Indian Tamil-language television series

Warrant: From the World of Vilangu is an Indian Tamil-language procedural crime thriller streaming television series written and created by Prasanth Pandiyaraj and directed by Vignesh Natarajan. The series is a spin-off and thematic extension of the 2022 streaming series Vilangu.

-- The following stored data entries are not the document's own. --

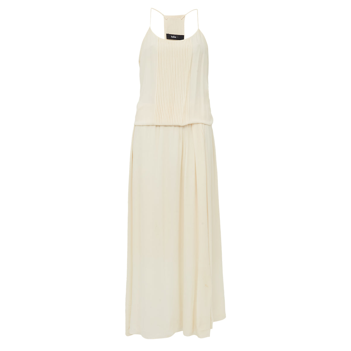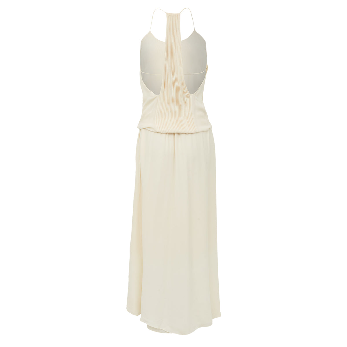 Detalhes: Vestido Talie Nk confeccionado em tecido creme. Modelo possui comprimento longo, alças finas, elástico na cintura e caimento rodado na saia. Detalhe plissado na parte de busto. Decote profundo nas costas.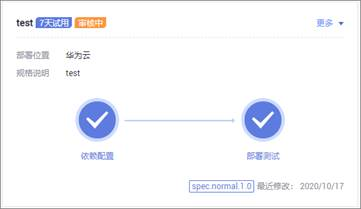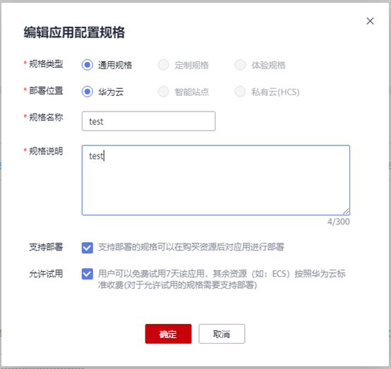 - 新增时,勾选支持部署和试用,方便规格创建完成后进行调试和方案可实施性的验证
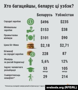 Узбэкістан — адносна небагатая краіна, істотна бяднейшая, чым Беларусь. Пра гэта сьведчаць дадзеныя эканамічнай і сацыяльнай статыстыкі.

The series stars creator Prasanth Pandiyaraj in his on-screen acting debut, alongside an ensemble cast including Balaji Sakthivel, Kaali Venkat, Aruldoss, and Namritha MV. It released on 22 May 2026.

== Premise ==
Set within the same fictional universe as Vilangu, the series explores the procedural aspects of legal warrants, institutional pressure, and ethical conflicts within a local police department. The narrative follows Koattai Karuppasamy, a timid police constable subjected to institutional bullying and workplace humiliation. The plot details his subsequent behavioral shift while handling a sudden death in police custody, forcing a conflict between systemic compliance and personal conscience.

== Cast ==

- Prasanth Pandiyaraj as Koattai Karuppasamy
- Balaji Sakthivel as Natarajan
- Kaali Venkat as Rengasamy
- Aruldoss as Inspector A. Veeramani
- Namritha MV as Sharmila
- Jayaprakash as the Head of Commission
- Arul Jothi as Keerthana
- Chaya Devi as Latha
- Hello Kandasamy as Ulaganathan
- Meena as Malathi
- Kousalya as Saraswathi
- Vaiyapuri as Dhanasekaran

== Production ==
=== Development ===
Following the viewership response to Vilangu in 2022, creator Prasanth Pandiyaraj began developing an extension of the franchise. According to Pandiyaraj, the concept for Warrant was conceptualized during the writing phase of the original series, drawing from research and interviews conducted with real-world law enforcement personnel. While Pandiyaraj retained creative oversight as the series showrunner, directional duties were allocated to Vignesh Natarajan, who had previously served as a co-director on Vilangu.

=== Casting ===
Vemal was cast to return to anchor the investigative narrative continuity. Showrunner Prasanth Pandiyaraj was cast in the co-lead role of the series after director Vignesh Natarajan suggested him during pre-production due to time constraints and the production's requirement for an actor unfamiliar to the audience.

=== Music ===
The original soundtrack and background score were composed by Sam C. S., who previously collaborated with Pandiyaraj on Vilangu.

== Release ==
The official trailer for the series was released on May 9, 2026. All episodes released on ZEE5 on May 22, 2026.

== Reception ==
Warrant received mixed-to-positive reviews, with critics praising the realistic atmosphere and lead performance while highlighting inconsistent pacing. The Times of India lauded the final episodes and Grimy authenticity, whereas The New Indian Express criticized the show for normalizing police misconduct.